Манечка рассмеялась, но никто ее смеха не поддержал. У Саши было розовое личико и прямой аккуратный носик. Она вспомнила о своем испуге, и глаза у нее стали круглыми от страха.
— Кто же это был? Рыба, что ли?
— Нет, рыба за колено не возьмет.
— Утопленник…
— Ох! — испуганно вздохнули кругом.
Потом маленькая рыжая Томка сказала:
— А я лягух больше, чем утопленников, боюсь.
Она показала, как она боится лягух.
— Лягух глупо бояться. Я вот коров боюсь, — корова большая, рогатая, и никогда не знаешь, что она сделает.
— Ну, если коров бояться, как же их доить, — сказала Варвара рассудительно.
Но на ее слова никто не обратил внимания. Оказалось, все они чего–нибудь боятся. Они рассказывали об этом с полной откровенностью, как будто даже хвастаясь, что они такие трусихи. Они боялись собак, козлов, индюков, мышей, высоты, темноты, раков, пауков, омутов, окряг. Одна Манечка уверяла, что ничего такого не боится, — пока речь не зашла о покойниках.
— Нет, покойников я боюсь, — сказала она, и по голосу ее было слышно, что она их действительно боится.

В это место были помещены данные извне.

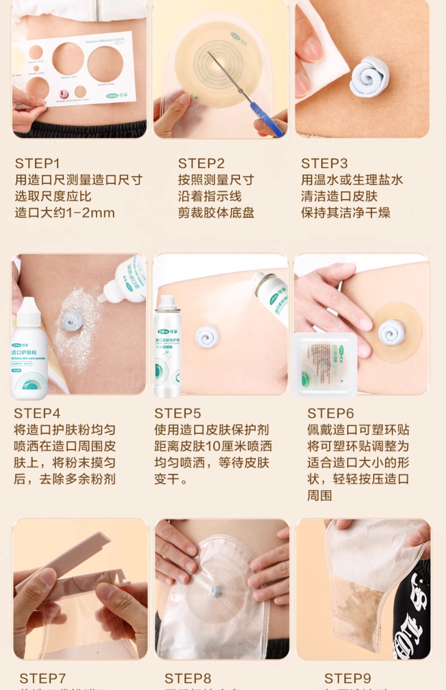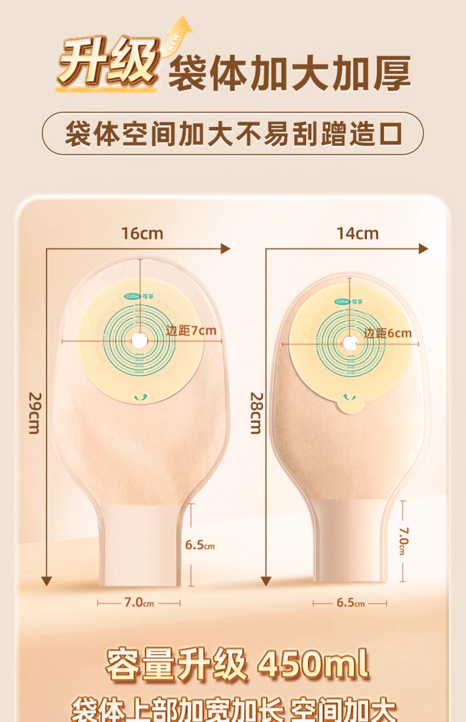 【新款魔术贴】可孚一件式造口袋4009C 凸面底盘凹陷造瘘袋防漏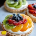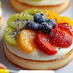 This healthy and colorful breakfast recipe features whole grain bagel halves topped with a creamy Greek yogurt spread and a vibrant assortment of fresh fruits. Sweetened lightly with honey or maple syrup and flavored with vanilla, these bagel fruit pizzas offer a delicious, fun, and nutritious start to the day, perfect for kids and adults alike.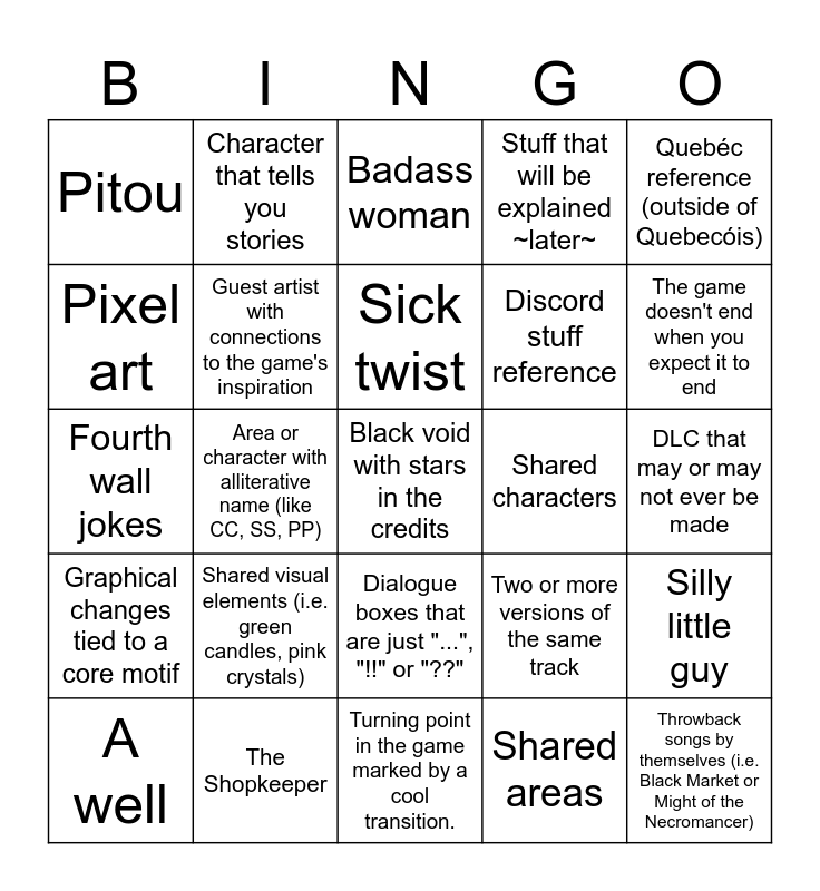 This bingo card has a free space and 24 words: Shared visual elements (i.e. green candles, pink crystals), The Shopkeeper, Sick twist, A well, Quebéc reference (outside of Quebecóis), Pitou, Pixel art, Character that tells you stories, Shared characters, Dialogue boxes that are just "...", "!!" or "??", Discord stuff reference, Fourth wall jokes, Two or more versions of the same track, Silly little guy, Guest artist with connections to the game's inspiration, Shared areas, DLC that may or may not ever be made, Badass woman, The game doesn't end when you expect it to end, Area or character with alliterative name (like CC, SS, PP), Throwback songs by themselves (i.e. Black Market or Might of the Necromancer), Graphical changes tied to a core motif, Stuff that will be explained ~later~ and Turning point in the game marked by a cool transition..

Как раз в эту минуту Королев краем глаза заметил Лизу Кольцову, вышедшую из кустов и подходившую к ним. Он не посмел повернуть к ней головы. Она обошла кругом всех сидевших в траве и села позади Королева. Он не видел ее, но все время чувствовал спиной ее присутствие.
— Что это — весь день гром гремит, а дождя нету? — спросила вдруг Саша Кашина.
Ей никто не ответил. Взглянув в их лица, Королев понял, что все они, кроме Саши, давно уже догадались, что это за гром.
— Я тоже сначала думала, что тут за лесом едут машины, груженные железом, — сказала рыжая Томка.
Впервые заговорили они о близости фронта. Ни одна не выразила страха, но Королеву вдруг стало страшно за них. Разговоры о боязни темноты, мышей, раков укрепили в нем ощущение их беззащитности. То, что он сам на войне, где его могут убить, всегда казалось ему делом естественным. Но зачем быть на фронте этим девочкам?..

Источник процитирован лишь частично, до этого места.